In January there was an announcement on the OSM mailing list that in the past few months many connectivity errors in the United States OSM dataset had been fixed. Probably a lot of these fixes can be attributed to Martijn’s Maproulette website or to Geofabrik’s OSM Inspector (OSMI) Routing View. However, a short discussion started on the mailing list about the total number of errors that are left and how long it would take to fix all those errors. Thus, we downloaded four OSM planet files dated Jan 4th 2012, June 13th 2012, Jan 2nd 2013 and Jun 2nd 2013 to get some new results. After cutting the United States dataset from the planet files, we used the same algorithm as utilized in OSMI’s Routing View, to receive some stats about the street network of the US datasets.

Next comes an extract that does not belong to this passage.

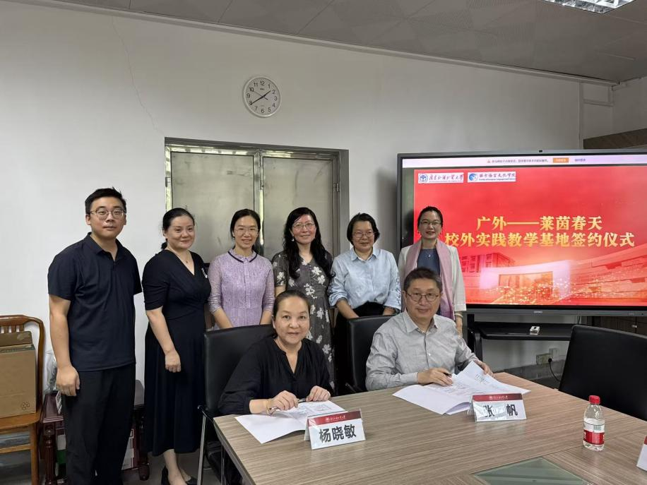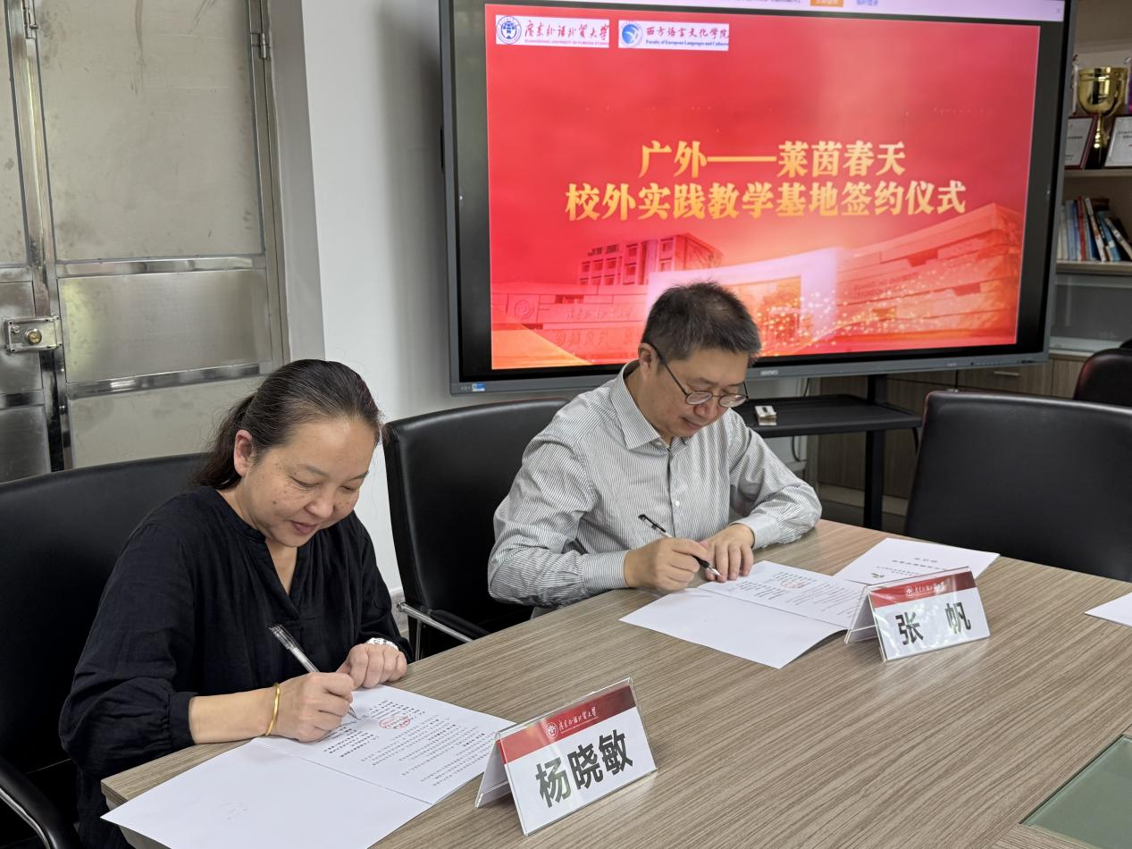 本网讯 2025 年 10 月 20 日,广东外语外贸大学与莱茵春天国际教育正式签约,共建广东外语外贸大学校级校外实践基地。签约仪式上,西方语言文化学院院长杨晓敏与莱茵春天教育创始人、广外德语系88级校友张帆代表双方签署合作协议。莱茵春天国际教育资深教师李享,西方语言文化学院党委书记王秀民、副书记魏少娟、副院长卢铭君,德语系主任吴晓钢及滕奕丹、张思源老师出席见证。双方围绕校企合作细节深入沟通,最终达成深度共识。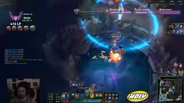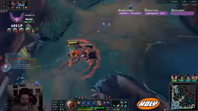 00:21:00Das Mittelspiel ist geprägt von riskanten Entscheidungen und Teamkämpfen. Der eigene Talon stirbt früh, was den Druck im Spiel erhöht. Es wird versucht, Drachen zu kontrollieren, aber die Koordination mit dem Team ist schwierig. Ein Gegner zweifach stirbt, und man erkennt, dass diese keine Flashes mehr haben. Der Streamer äußert seine Unsicherheit im Teamfight, wie man diese Situation am besten meistert. Trotz der Verluste bleibt man im Spiel und kann einen Vorteil erarbeiten, indem man das gegnerische Team ausmanövriert.

First of all the, the following image shows the number of errors for each dataset that we included in the analysis. The errors that were detected are separated into unconnected and duplicate ways. You can find some additional information about both error types here.
As you can see, the number of unconnected OSM ways has been rapidly reduced in the past 17 months from around 141,000 to 19,000. The number of “duplicate way” errors has been reduced from 17,500 to 11,500. You can find the exact numbers in the following table and an updated error layer on the mentioned OSMI website. In certain cases the duplicate way error created several errors for one and the same way. For these particular cases the number of unique OSM way IDs were counted.
Date – Unconnected Ways – Duplicate Ways
- Jan 4th, 2012 – 141,578 – unique 17,563 (overall errors: 535,923)
- June 13th, 2012 – 145,468 – unique 17,977 (overall errors: 518,536)
- Jan 2nd, 2013 – 15,911 – unique 12,287 (overall errors: 257,388)
- Jun 2nd, 2013 – 19,073 – unique 11,582 (overall errors: 220,451)
Overall the length of the US street network did not really change a lot. At the beginning of 2012 it was around 11.07 million km while in 2013 it is 11.1 million km, which means an increase of around 30,000 km. The following image shows the distribution of the US street network divided by different OSM road classes.
The length of the residential roads is still decreasing (-496,000 km), similar to what we saw during the analysis for our paper, while the length of the other road types (+276,000 km) and secondary/tertiary roads (+205,000 km) is increasing. This is the result of a massive retagging process of the imported TIGER/Line dataset in OSM. Dennis mentioned this already in his SotM US 2012 presentation. Motorways also experienced an increase of around +44,000 km in 2012. You will find some additional, quite interesting statistics, charts and of course maps in the aforementioned journal publication. In particular a few more thoughts and facts about the effect and impact of data imports on OSM can be found in our research study about the United States OSM dataset.